Luke 23:6-12
[6] On hearing this, Pilate asked if the man was a Galilean. [7] When he learned that Jesus was under Herod's jurisdiction, he sent him to Herod, who was also in Jerusalem at that time. [8] When Herod saw Jesus, he was greatly pleased, because for a long time he had been wanting to see him. From what he had heard about him, he hoped to see him perform a sign of some sort. [9] He plied him with many questions, but Jesus gave him no answer. [10] The chief priests and the teachers of the law were standing there, vehemently accusing him. [11] Then Herod and his soldiers ridiculed and mocked him.
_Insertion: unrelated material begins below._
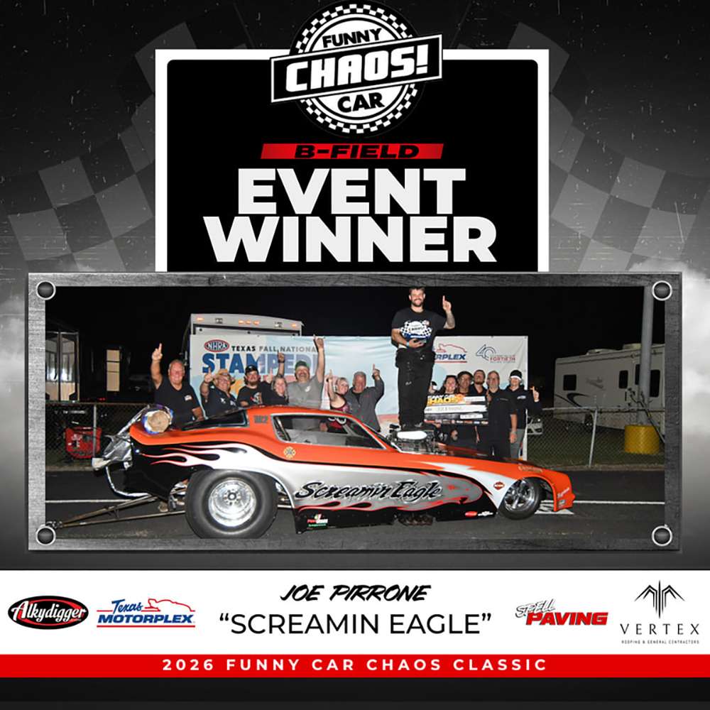 “Winning the Texas Motorplex Chaos event is like winning the Daytona 500 to us. I can thank my crew enough for all their hard work. My son Joey did a great job driving and tuning the Pirrone Racing Screamin Eagle to victory.”

Dressing him in an elegant robe, they sent him back to Pilate. [12] That day Herod and Pilate became friends---before this they had been enemies.

This Herod was Herod Antipas, son of Herod the Great who had ordered the massacre of Bethlehem’s baby boys just after Jesus’ birth in an attempt to get rid of a ‘rival king’. Antipas had beheaded John the Baptist ( Jesus’ cousin) after making a foolish promise to his wife’s daughter (his wife was actually his brother’s wife but he’d taken her from his brother - not exactly a moral family...). Antipas had previously been worried that Jesus was John back from the dead.

So, with no remorse for what he’d done to John, or compassion for the exhausted and demeaned man in front of him, he questioned the Lord Jesus. It’s no wonder that Jesus (who had earlier called Herod a fox) refused to answer his questions. So Antipas and his soldiers ‘ridiculed and mocked him’ verse 11. All of this fulfilled the prophecy in Isaiah:

Isaiah 53:3,7
[3] He was despised and rejected by mankind, a man of suffering, and familiar with pain. Like one from whom people hide their faces he was despised, and we held him in low esteem. [7] He was oppressed and afflicted, yet he did not open his mouth; he was led like a lamb to the slaughter, and as a sheep before its shearers is silent, so he did not open his mouth.

But Jesus bore man’s judgement because he knew it was God’s judgement on mankind, in whose place he stood - so that he could save us. It was all endured for us.